Polyaspartics are a type of Polyurea and also are not technically a Polyurethane but will be included in the discussion here of Polyurethanes because within the concrete industry they are often times considered a Polyurethane. They are officially known as a Polyaspartic Aliphatic Polyurea but Polyaspartic for short. They are less expensive than pure Polyureas but more expensive than Acrylics, Epoxies, and Polyurethanes. Polyaspartics offer most all of the advantages of pure Polyureas but also overcome many of the disadvantages primarily the extremely rapid cure time of a few seconds like with a pure Polyurea. The Polyaspartics are a slower curing Polyurea (ex. five to 120 minutes), which make them easier to apply use and apply. They also normally don't require specialized equipment to apply like pure Polyureas and can generally be applied using the same application methods as most Polyurethanes.

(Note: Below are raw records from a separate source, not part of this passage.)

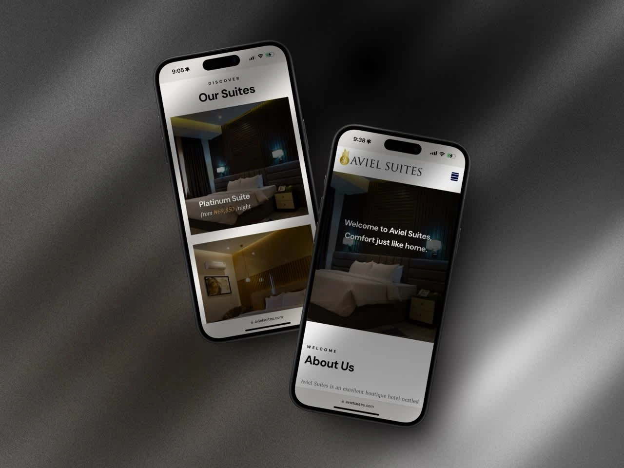 The UI/UX design for Aviel Suites reflects the hotel's blend of elegance and comfort, providing users with a seamless online experience. Every design element is meticulously crafted to exude luxury while maintaining a user-friendly interface. The layout prioritizes intuitive navigation, ensuring visitors can explore suites, facilities, and services effortlessly. Thoughtful touches, like high-quality visuals of the suites and streamlined booking features, elevate the user experience. The responsive design ensures the website performs flawlessly across all devices, aligning with Aviel Suites' commitment to excellence and hospitality.
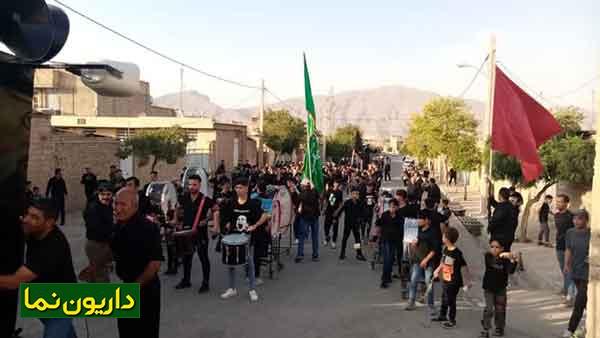 عزاداران حسینی در بلوار کشاورز شهر داریون به عزاداری پرداختند . هیات جانثاران حضرت امام حسین علیه السلام و هیئت نوگلان حسینی در ورودی شهر به طرز زیبا و منسجمی به عزاداری پرداختند .
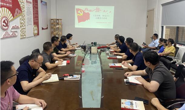 会议传达学习了《关于以“当先锋 争先行”为主题集中开展支部主题党日活动的通知》等文件,会议上就通知内容进行任务布置,指导尽快完成各项任务。党总支书记陈瑞鹏领学《干在实处 勇立潮头---- 习近平浙江足迹》,并还为党员干部们上党课,引导党员干部们在寻根溯源中深刻读懂新思想的萌芽与实践。
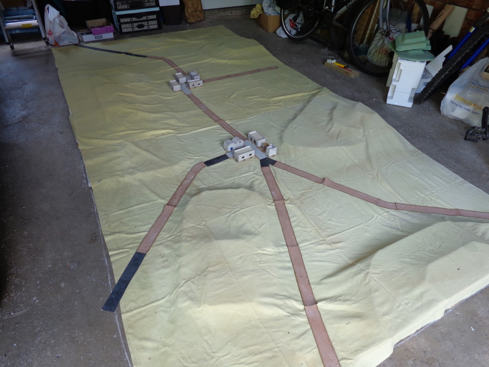 The roads are now finished so here's an impression of the finished table. On the day I will need to add more lines of stones, which define crest line and therefore limits line of sight.
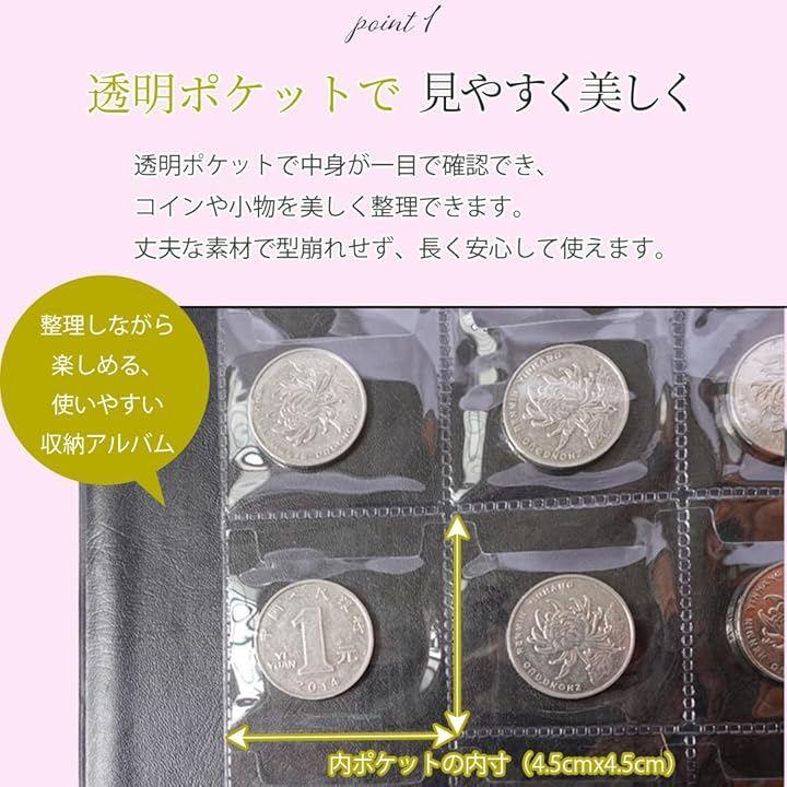 「コレクションに最適なサイズ設計」:各ポケットは4.5cmx4.5cm(内寸)で、一般的な記念硬貨やスーベニアメダル、記念コインに対応するメダルホルダーです。
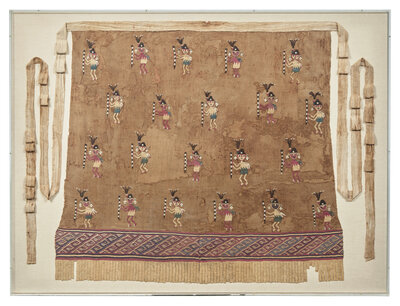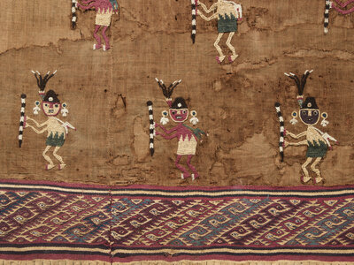 A Huari Pativilca Embroidered Breechcloth Section with Staff-Bearing Warriors
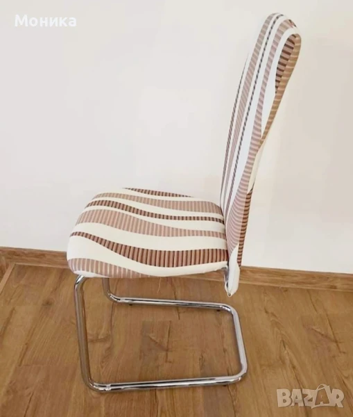 6 броя столове - със стилна визия и отлични като качество. Седалката и облегалката е изработена от плат . Цената е 60лв за брой.
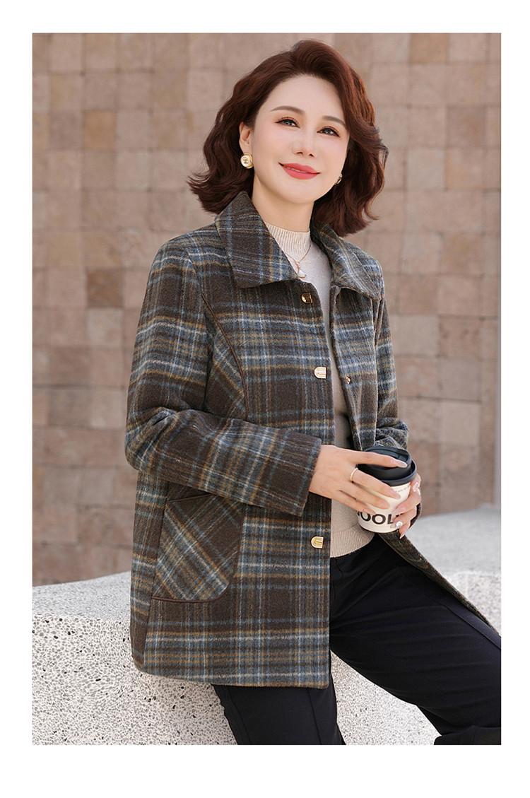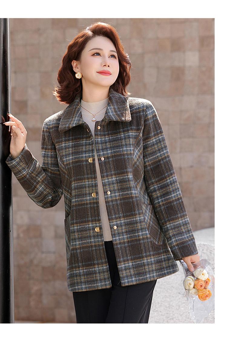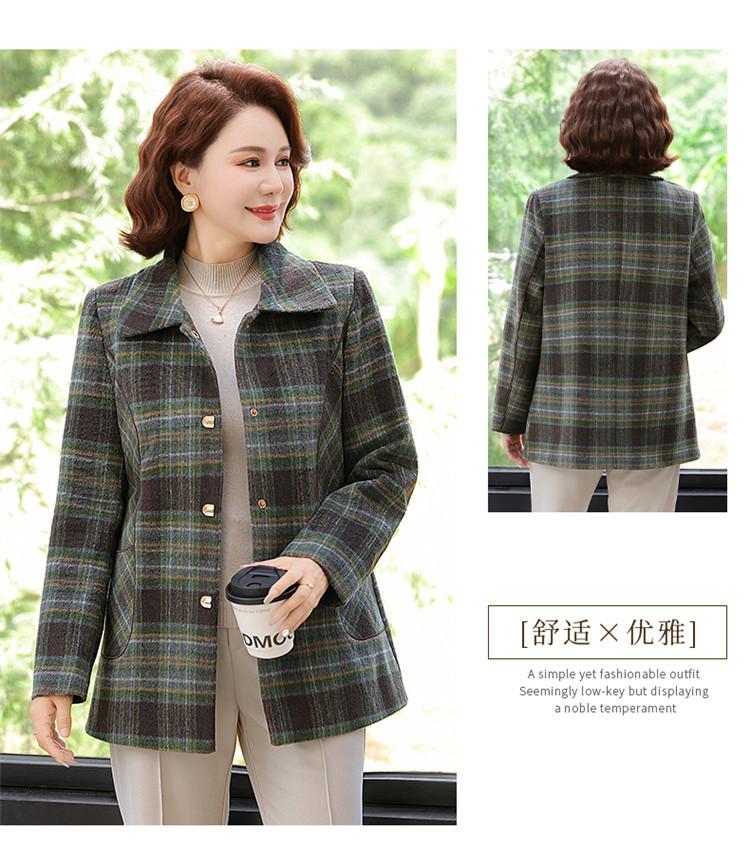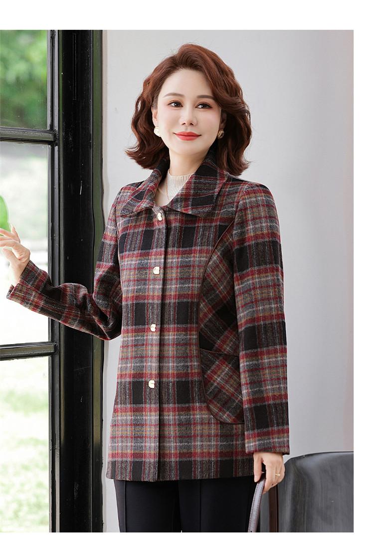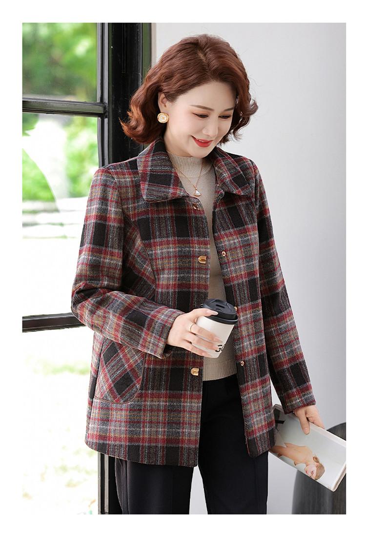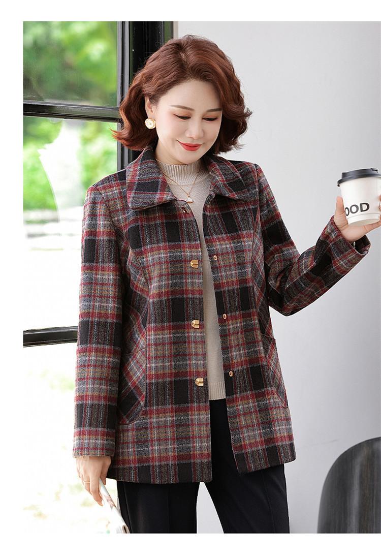 Abrigo de lana a cuadros de primavera y otoño para mamá de mediana edad 2025 ropa de otoño moda para mujeres de mediana edad y mayores talla grande top corto

They offer a high protective film build that is extremely tough and durable. Due to their very low viscosity, Polyaspartics offer excellent surface wetting and penetration resulting in superior substrate adhesion. They offer high gloss retention and excellent color stability. They're application surface temperature range is -30°F to 140°F. Once cured, Polyaspartics are resistant to temperatures as high as 350°F. Polyaspartics are the best choice when looking for a coating that is more chemical, abrasion, impact, and UV resistant than Acrylics, Epoxies, and Polyurethanes but is more user friendly and practical to use than Polyureas. Curing time is relatively fast so coated surfaces can generally be returned to service within a few hours instead of a few days like other topical coatings.

Polyaspartics are used as clear coats for high traffic areas as well as for protective coatings over decorative concrete surfaces. Some manufacturers also offer pigmented systems so colors can be added to a surface. For optimum adhesion and long term performance, preparation may involve having to profile a floor especially on very smooth surfaces such as machine troweled concrete. Some times this can be accomplished chemically by using an etching agent such as Muriatic acid. For best results though, profiling a floor is accomplished by grinding, shot blasting, sand blasting, or scarifying the surface. The lifespan of Polyaspartics can be 10 years or more. Polyaspartic coatings can be slippery when wet so applying an anti skid to the sealed surface to improve the slip resistance is highly recommended.

Polyaspartics cannot be used on freshly placed concrete and all concrete must be fully cured prior to the application of a Polyaspartic coating.